__ASSIGNED TASK__
Leaving out the pictures, return word for word the stretch of entries below from the line holding "Vídeo: What is a Brief?, 4:27" through the line holding "The Ministry of".

__AVAILABLE DATA__
>>>>

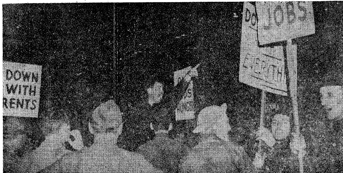
Last December the New York State Guard engaged in anti-labor drilling similar to the recent maneuvers in the Catskills. The photograph above, taken during the December drill, shows members of the Guard dressed as workers being harangued by an "agitator." Other guardsmen armed with two foot oak clubs dispersed the "agitators" who are carrying picket signs reading "Our Kids Are Hungry," "We Want Jobs," etc.
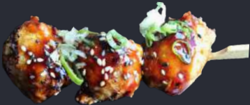
2. Kyllingekød boller m. teriyaki sauce Chicken meatballs w. teriyaki sauce
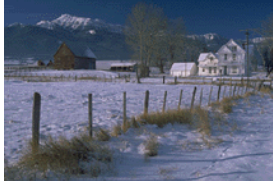
There are no miles between sisters.

granddaughters, daughters-in-law, sisters, sisters-in-law, mothers, grandmothers, aunts, nieces, cousins, and extended family, all bless our life!
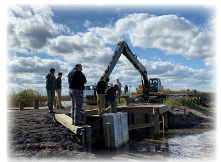
Field day with GA Coastal Waterfowl Shareholder Group and GADNR at Rehfts Island.
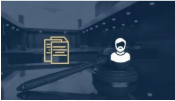
Vídeo: What is a Brief?, 4:27
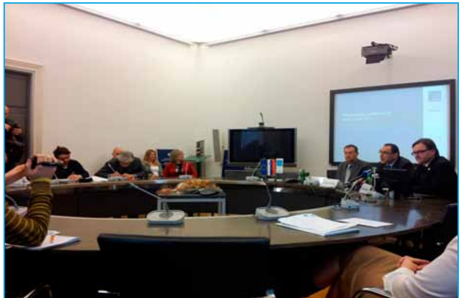
The Ministry of Foreign Affairs of the Republic of Slovenia has pledged to support the international 'Lend Your Leg – Roll Up Your Pants Leg' campaign.

ITF Enhancing Human Security is a non-profit organization, established by the Government of Slovenia in March 1998, in close partnership with U.S. The initial aim of ITF was to provide humanitarian aid to Bosnia and Herzegovina, reflecting the active engagement of Slovenia in the aftermath of the Balkans conflict in the '90s. Since its inception, the ITF has focused its fundraising activities and support on humanitarian mine action in S.E. Europe. As the European Commission acknowledged the ITF as the reference model of regional organization in de-mining action, the ITF was asked by mine-affected countries and donors to expand their operation to
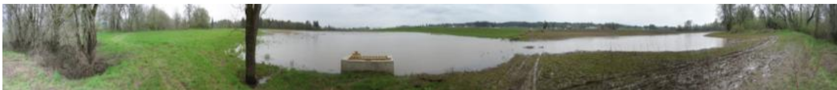
Photo Point 12- 3/2014- After seeding and planting west field and after planting southern part of east field.
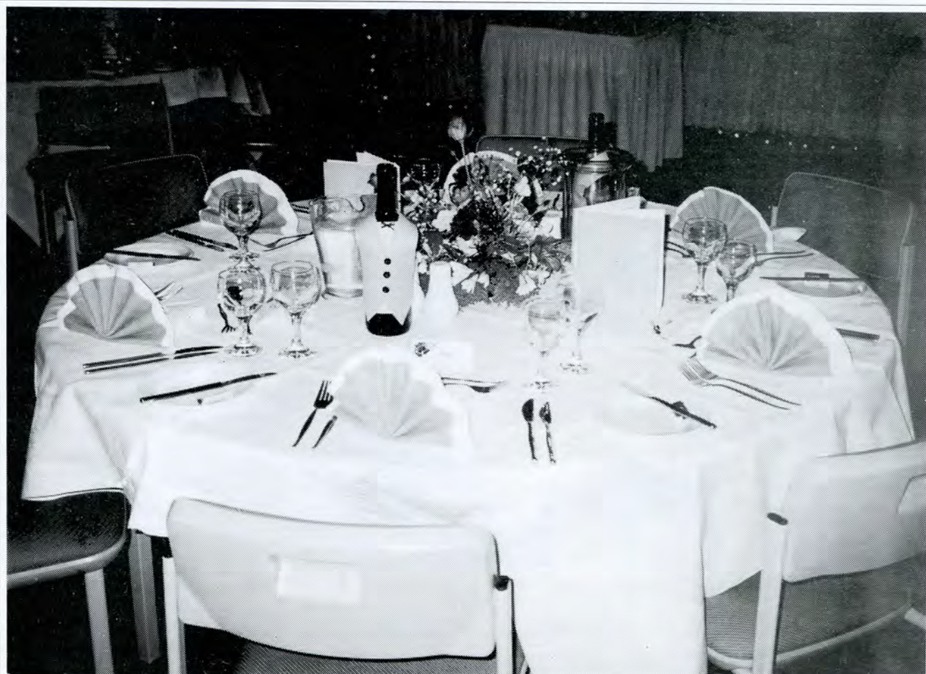
Our Wedding Table Setting
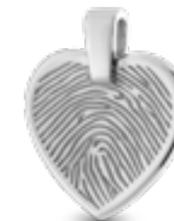
HF 109.170 Glossy H 2.1 cm
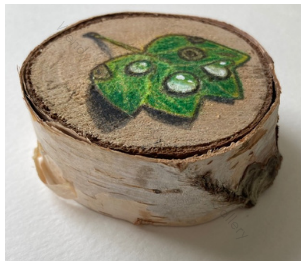
Tiny Green Tulip Leaf
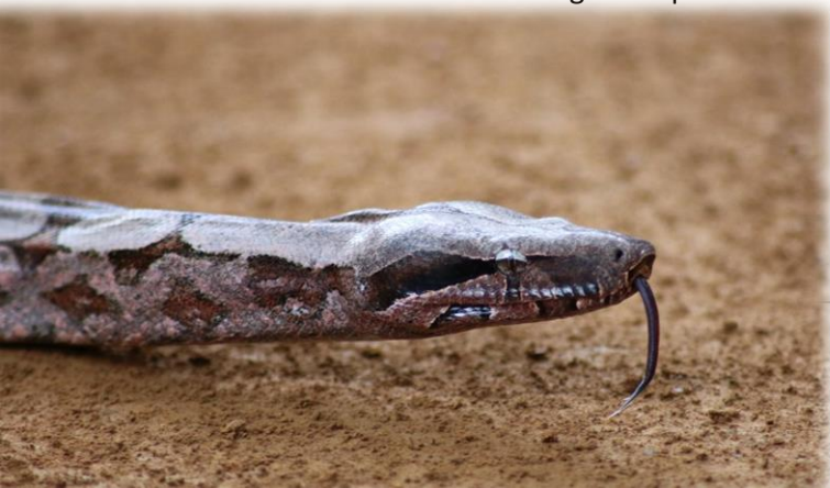
Boa Constrictor Boa constrictor Fazenda Agua Limpa

Playback was an extremely useful tool throughout the trip, and many species we only saw because we utilized playback. Birds respond quickly to Tropical Pygmy Owl call, often drawing in large mixed flocks of birds.
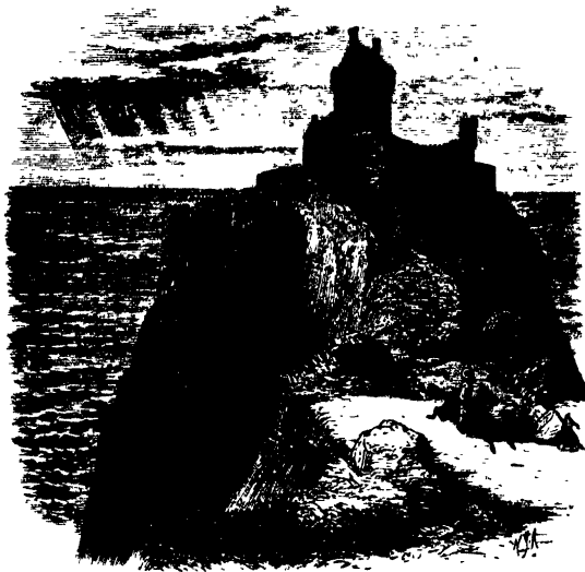
WOLF'S CRAG FAST CASTLE.
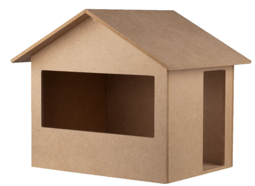
Martin's Market Stall #42023 · 14"W x 11½"H x 11"D
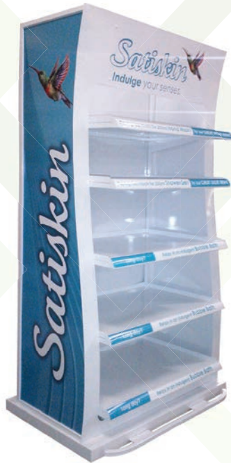
PERMANENT GONDOLA END UNIT
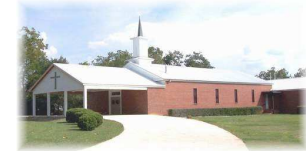
Prayerfully Moving Forward to Reach Another Soul
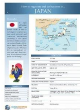
Negotiation and Etiquette in Japan

<<<<

__WRITTEN SOLUTION__
Vídeo: What is a Brief?, 4:27
The Ministry of Foreign Affairs of the Republic of Slovenia has pledged to support the international 'Lend Your Leg – Roll Up Your Pants Leg' campaign.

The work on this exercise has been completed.